__Assignment__
Reproduce exactly the lines below, from the first one through the line containing "私は今回、チンゲンサイ、まいたけ、えりんぎ、海老をたっぷり入れてみました。", and omit any pictures.

Records from a dataset
------------------------------------------------
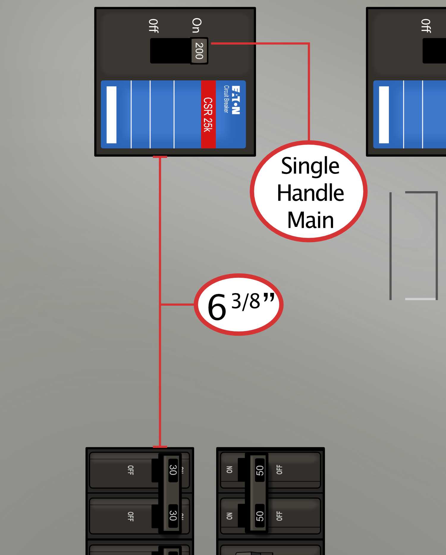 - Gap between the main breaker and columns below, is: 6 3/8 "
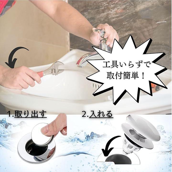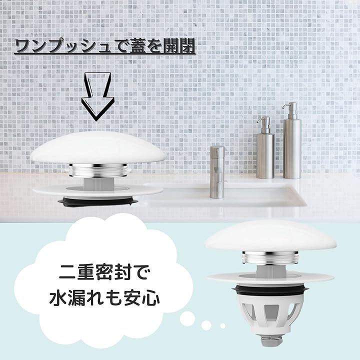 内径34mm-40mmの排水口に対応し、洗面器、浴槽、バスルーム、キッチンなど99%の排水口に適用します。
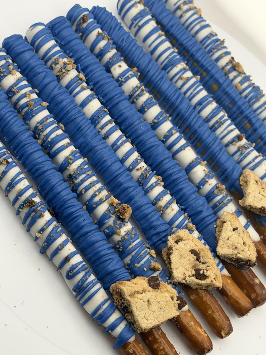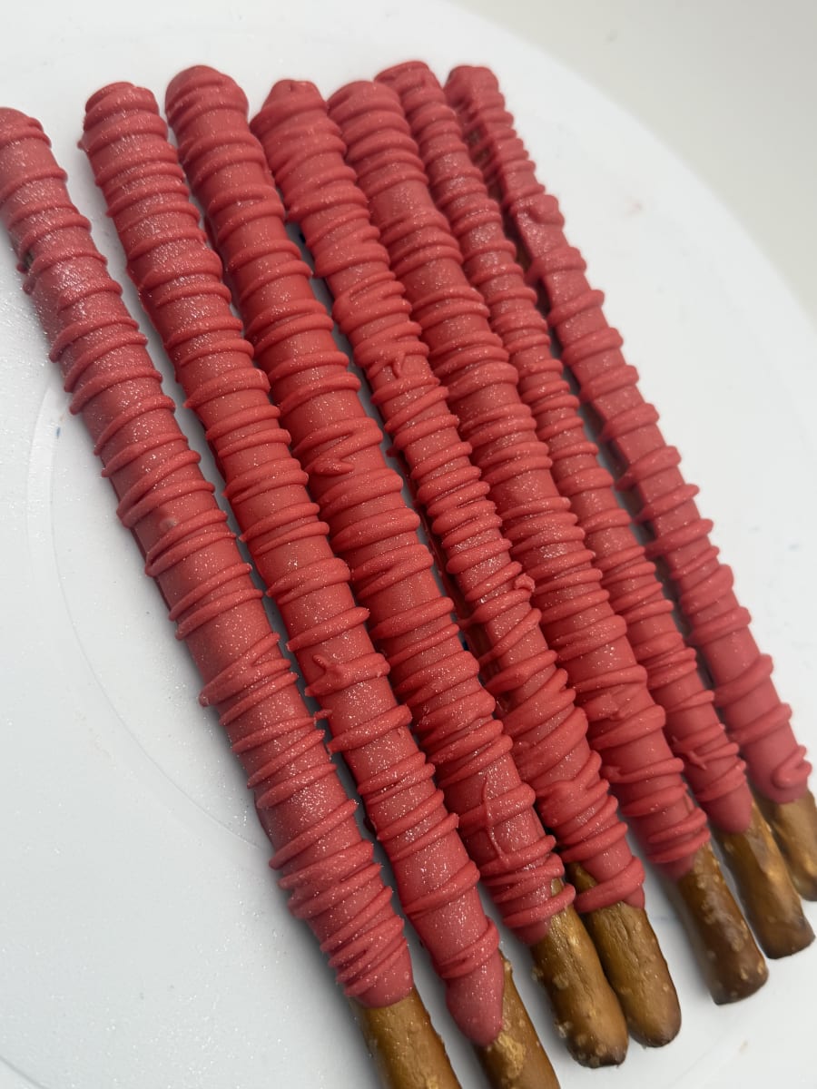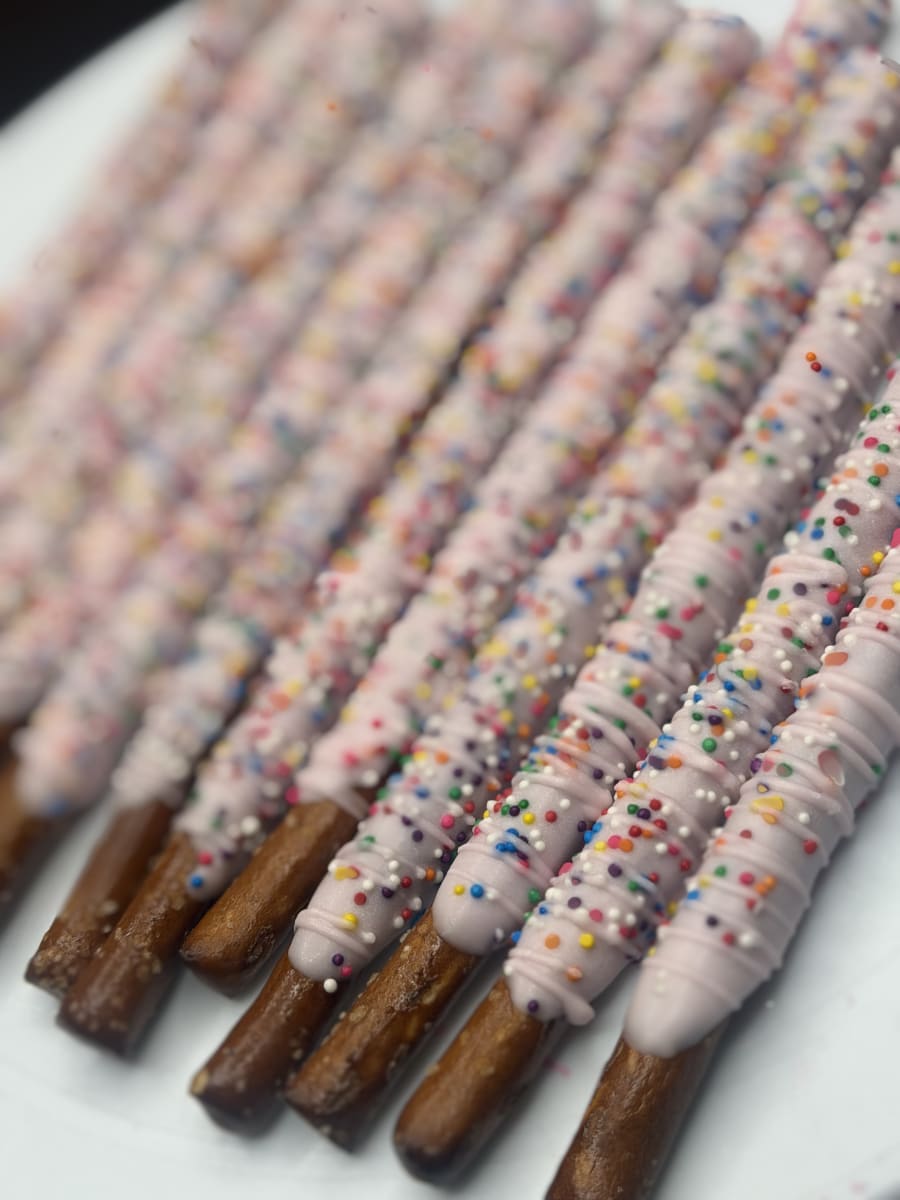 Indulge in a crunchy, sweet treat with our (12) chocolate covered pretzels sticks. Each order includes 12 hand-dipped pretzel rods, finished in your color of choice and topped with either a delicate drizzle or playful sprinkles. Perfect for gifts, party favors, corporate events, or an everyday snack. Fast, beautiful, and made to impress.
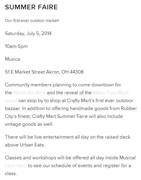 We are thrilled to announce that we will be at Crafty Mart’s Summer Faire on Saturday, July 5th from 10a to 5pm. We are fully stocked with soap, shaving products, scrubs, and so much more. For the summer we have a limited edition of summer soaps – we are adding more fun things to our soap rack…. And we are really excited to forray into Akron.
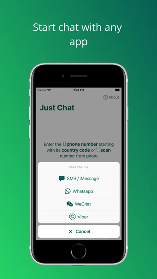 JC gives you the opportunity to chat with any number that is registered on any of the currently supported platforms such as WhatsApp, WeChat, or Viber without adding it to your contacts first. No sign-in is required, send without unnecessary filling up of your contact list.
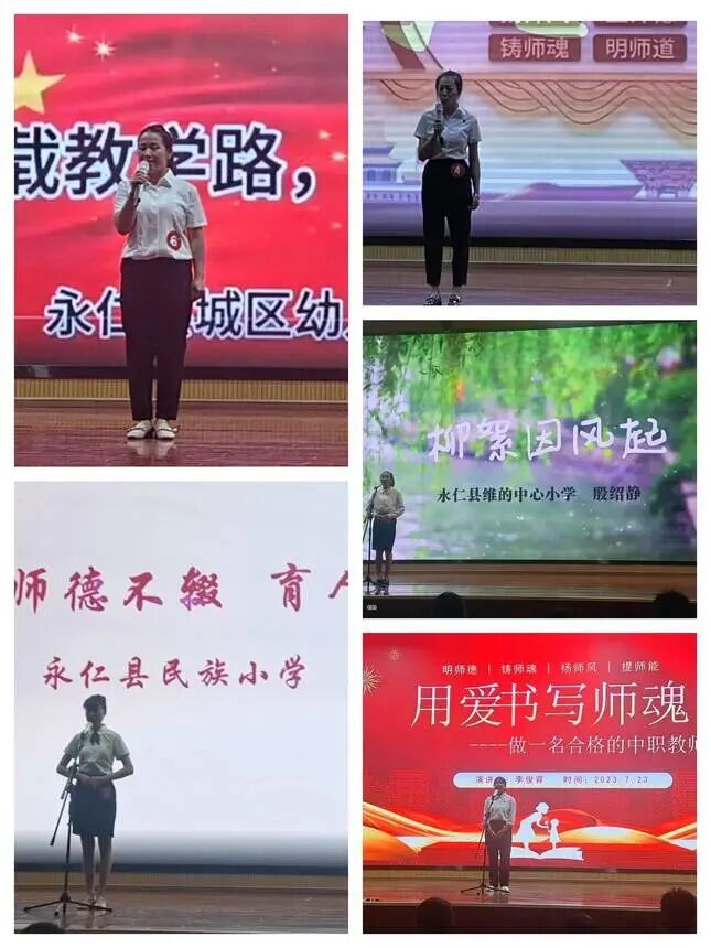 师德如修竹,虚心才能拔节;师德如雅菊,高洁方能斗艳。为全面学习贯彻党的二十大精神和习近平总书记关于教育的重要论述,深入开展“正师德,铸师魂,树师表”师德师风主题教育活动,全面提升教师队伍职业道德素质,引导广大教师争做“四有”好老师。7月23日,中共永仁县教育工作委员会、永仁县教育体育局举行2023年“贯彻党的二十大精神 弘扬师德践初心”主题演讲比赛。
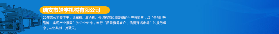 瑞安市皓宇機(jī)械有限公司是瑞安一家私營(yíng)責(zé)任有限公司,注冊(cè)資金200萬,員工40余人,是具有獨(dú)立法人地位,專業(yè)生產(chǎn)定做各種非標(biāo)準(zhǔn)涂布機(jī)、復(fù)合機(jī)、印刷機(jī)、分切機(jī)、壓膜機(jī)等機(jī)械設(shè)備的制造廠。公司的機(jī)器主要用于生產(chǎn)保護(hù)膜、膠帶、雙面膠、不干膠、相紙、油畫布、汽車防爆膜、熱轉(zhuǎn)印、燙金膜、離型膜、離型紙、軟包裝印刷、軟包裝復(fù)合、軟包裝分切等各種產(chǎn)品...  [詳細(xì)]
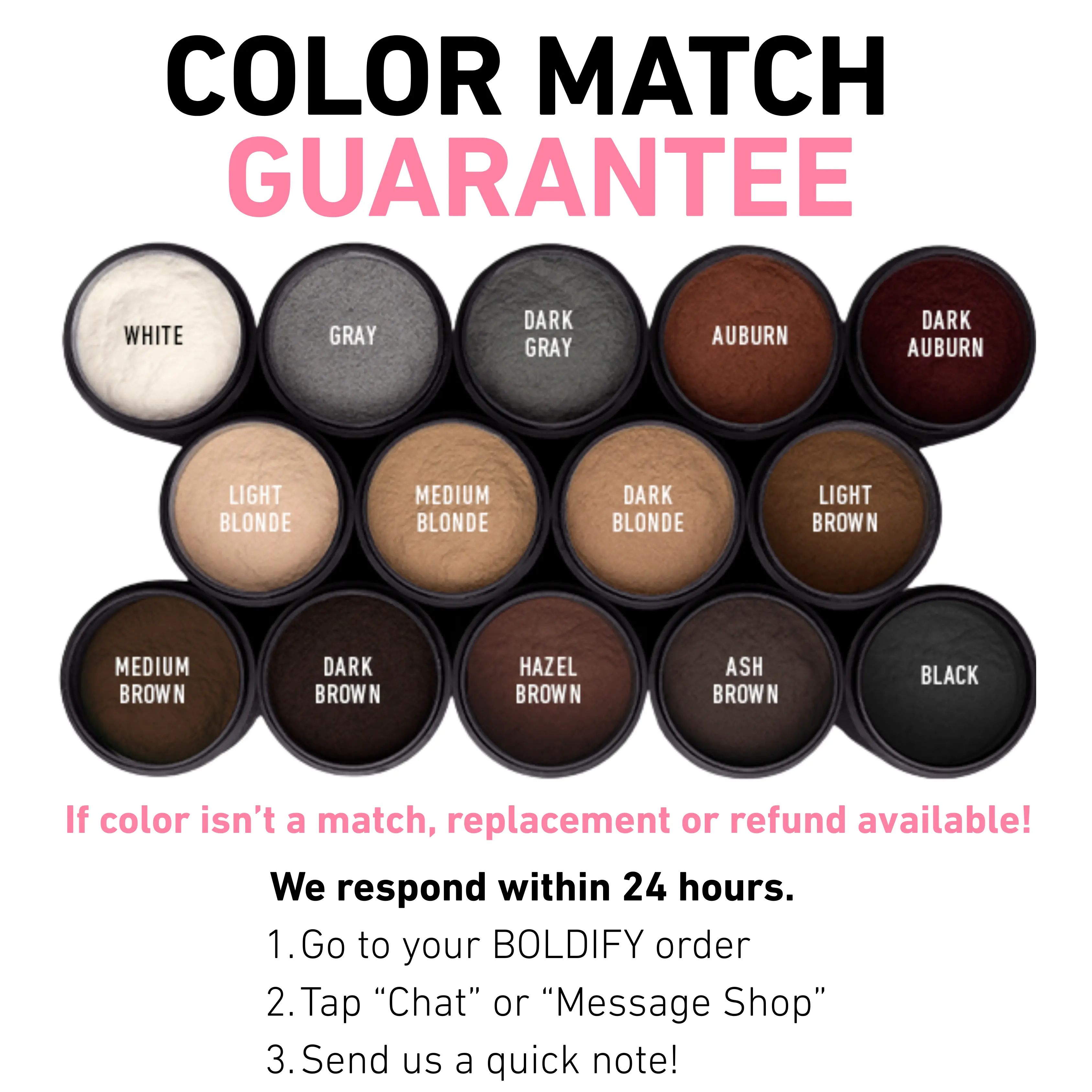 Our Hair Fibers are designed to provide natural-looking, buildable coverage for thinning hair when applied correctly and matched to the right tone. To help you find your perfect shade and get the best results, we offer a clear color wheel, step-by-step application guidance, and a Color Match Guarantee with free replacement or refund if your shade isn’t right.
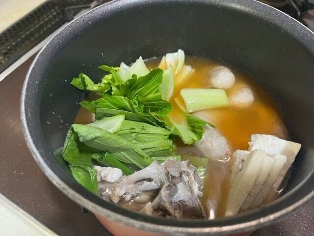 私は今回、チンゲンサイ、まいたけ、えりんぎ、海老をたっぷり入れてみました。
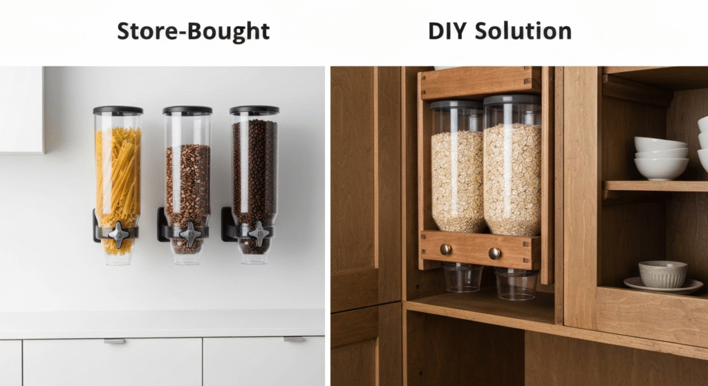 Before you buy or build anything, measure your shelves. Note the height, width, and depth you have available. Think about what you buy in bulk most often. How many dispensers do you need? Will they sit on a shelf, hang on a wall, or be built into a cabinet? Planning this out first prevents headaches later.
------------------------------------------------
__Result below__
 - Gap between the main breaker and columns below, is: 6 3/8 "
 内径34mm-40mmの排水口に対応し、洗面器、浴槽、バスルーム、キッチンなど99%の排水口に適用します。
 Indulge in a crunchy, sweet treat with our (12) chocolate covered pretzels sticks. Each order includes 12 hand-dipped pretzel rods, finished in your color of choice and topped with either a delicate drizzle or playful sprinkles. Perfect for gifts, party favors, corporate events, or an everyday snack. Fast, beautiful, and made to impress.
 We are thrilled to announce that we will be at Crafty Mart’s Summer Faire on Saturday, July 5th from 10a to 5pm. We are fully stocked with soap, shaving products, scrubs, and so much more. For the summer we have a limited edition of summer soaps – we are adding more fun things to our soap rack…. And we are really excited to forray into Akron.
 JC gives you the opportunity to chat with any number that is registered on any of the currently supported platforms such as WhatsApp, WeChat, or Viber without adding it to your contacts first. No sign-in is required, send without unnecessary filling up of your contact list.
 师德如修竹,虚心才能拔节;师德如雅菊,高洁方能斗艳。为全面学习贯彻党的二十大精神和习近平总书记关于教育的重要论述,深入开展“正师德,铸师魂,树师表”师德师风主题教育活动,全面提升教师队伍职业道德素质,引导广大教师争做“四有”好老师。7月23日,中共永仁县教育工作委员会、永仁县教育体育局举行2023年“贯彻党的二十大精神 弘扬师德践初心”主题演讲比赛。
 瑞安市皓宇機(jī)械有限公司是瑞安一家私營(yíng)責(zé)任有限公司,注冊(cè)資金200萬,員工40余人,是具有獨(dú)立法人地位,專業(yè)生產(chǎn)定做各種非標(biāo)準(zhǔn)涂布機(jī)、復(fù)合機(jī)、印刷機(jī)、分切機(jī)、壓膜機(jī)等機(jī)械設(shè)備的制造廠。公司的機(jī)器主要用于生產(chǎn)保護(hù)膜、膠帶、雙面膠、不干膠、相紙、油畫布、汽車防爆膜、熱轉(zhuǎn)印、燙金膜、離型膜、離型紙、軟包裝印刷、軟包裝復(fù)合、軟包裝分切等各種產(chǎn)品...  [詳細(xì)]
 Our Hair Fibers are designed to provide natural-looking, buildable coverage for thinning hair when applied correctly and matched to the right tone. To help you find your perfect shade and get the best results, we offer a clear color wheel, step-by-step application guidance, and a Color Match Guarantee with free replacement or refund if your shade isn’t right.
 私は今回、チンゲンサイ、まいたけ、えりんぎ、海老をたっぷり入れてみました。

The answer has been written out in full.